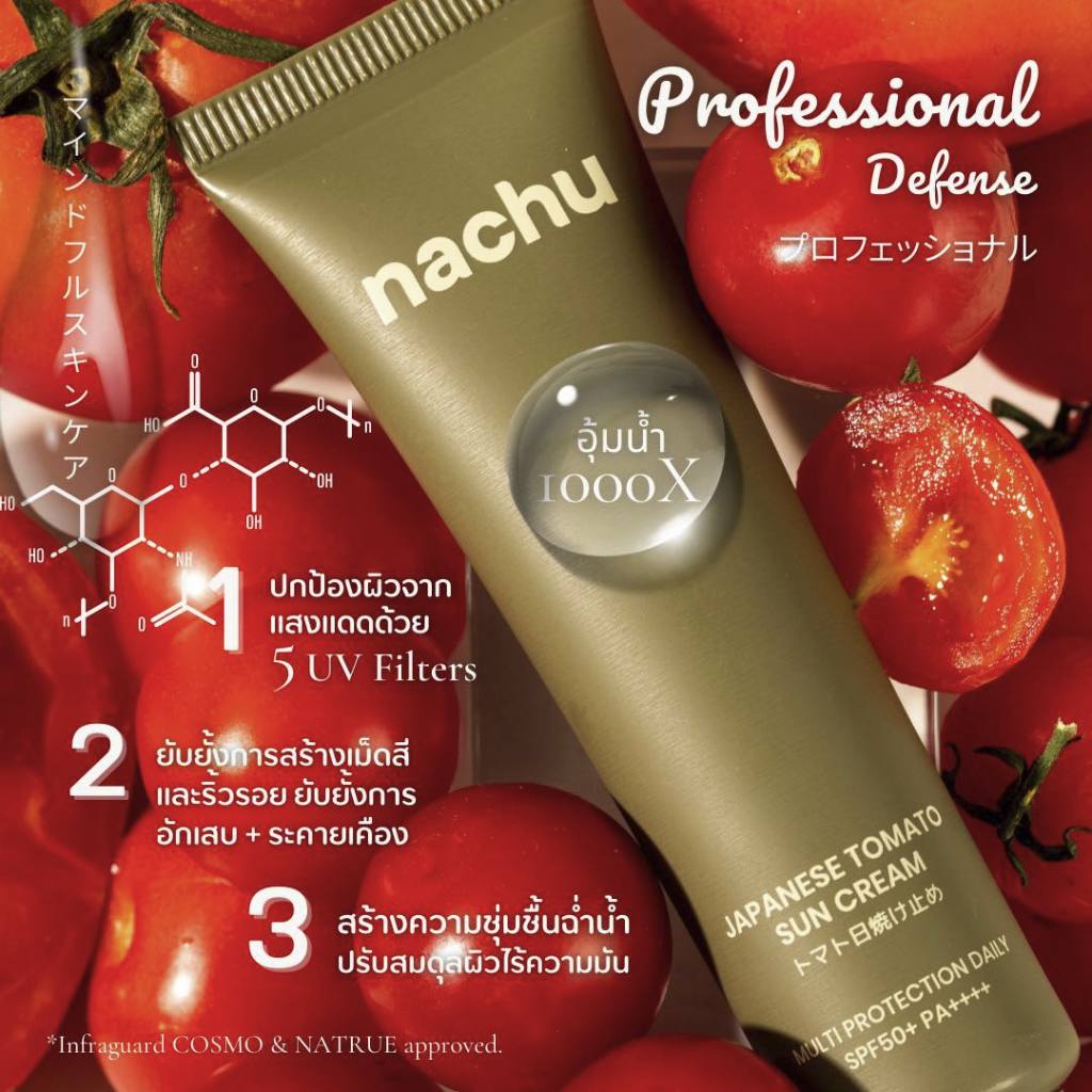 NACHU ナチュ JAPANESE TOMATO SUN CREAM แนชชู กันแดดมะเขือเทศญี่ปุ่น SPF50+ PA++++ ผิวเป็นสิใช้ได้
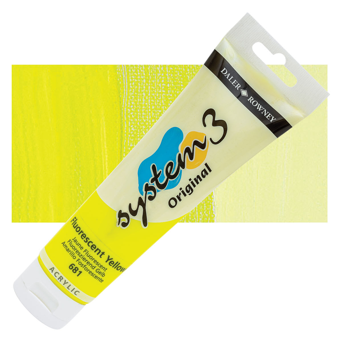 View Product DetailsDaler-Rowney System3 Acrylic - Fluorescent Yellow, 150 ml tube and swatch
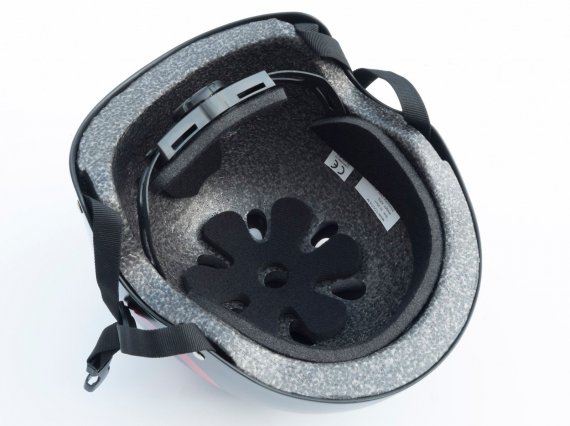 Cykelhjälmen har en justerbar hakrem och skruvspänne i nacken, så den kan justeras individuellt.
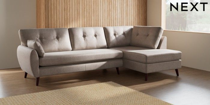 7.3.1 Buy Wilson Buttoned Back Large Corner Chaise - Right Hand Boucle Chenille Light Natural Retro Tapered - Dark Brown from the Seasons online shop Click here to use our website with more accessibility support, for example screen readers
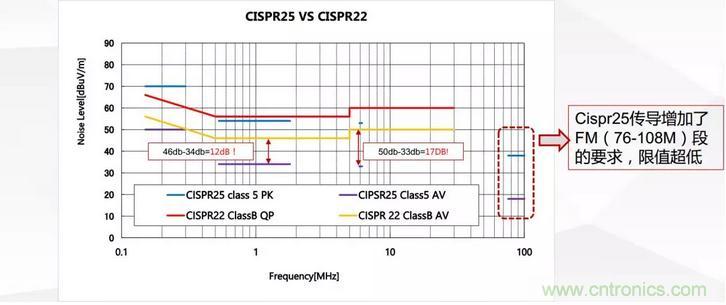 歷史上普遍接受的國際電磁干擾標準是CISPR-22,美國的電磁干擾標準是FCC,CISPR-22與FCC有所不同,但一般來說如果電源符合CISPR-22標準,那么它也符合FCC標準。總之CISPR-22標準已經成為全世界都遵守的基本標準。汽車上的電磁干擾標準是CISPR-25,相對CISPR22來說CISPR-25標準限制值更低并且額外對FM頻段做了很嚴的限制要求。具體傳導測試限制要求如圖2所示。
================
*About this exercise*. Skipping all images, print the data above a second time exactly.

*Answer box*.
 NACHU ナチュ JAPANESE TOMATO SUN CREAM แนชชู กันแดดมะเขือเทศญี่ปุ่น SPF50+ PA++++ ผิวเป็นสิใช้ได้
 View Product DetailsDaler-Rowney System3 Acrylic - Fluorescent Yellow, 150 ml tube and swatch
 Cykelhjälmen har en justerbar hakrem och skruvspänne i nacken, så den kan justeras individuellt.
 7.3.1 Buy Wilson Buttoned Back Large Corner Chaise - Right Hand Boucle Chenille Light Natural Retro Tapered - Dark Brown from the Seasons online shop Click here to use our website with more accessibility support, for example screen readers
 歷史上普遍接受的國際電磁干擾標準是CISPR-22,美國的電磁干擾標準是FCC,CISPR-22與FCC有所不同,但一般來說如果電源符合CISPR-22標準,那么它也符合FCC標準。總之CISPR-22標準已經成為全世界都遵守的基本標準。汽車上的電磁干擾標準是CISPR-25,相對CISPR22來說CISPR-25標準限制值更低并且額外對FM頻段做了很嚴的限制要求。具體傳導測試限制要求如圖2所示。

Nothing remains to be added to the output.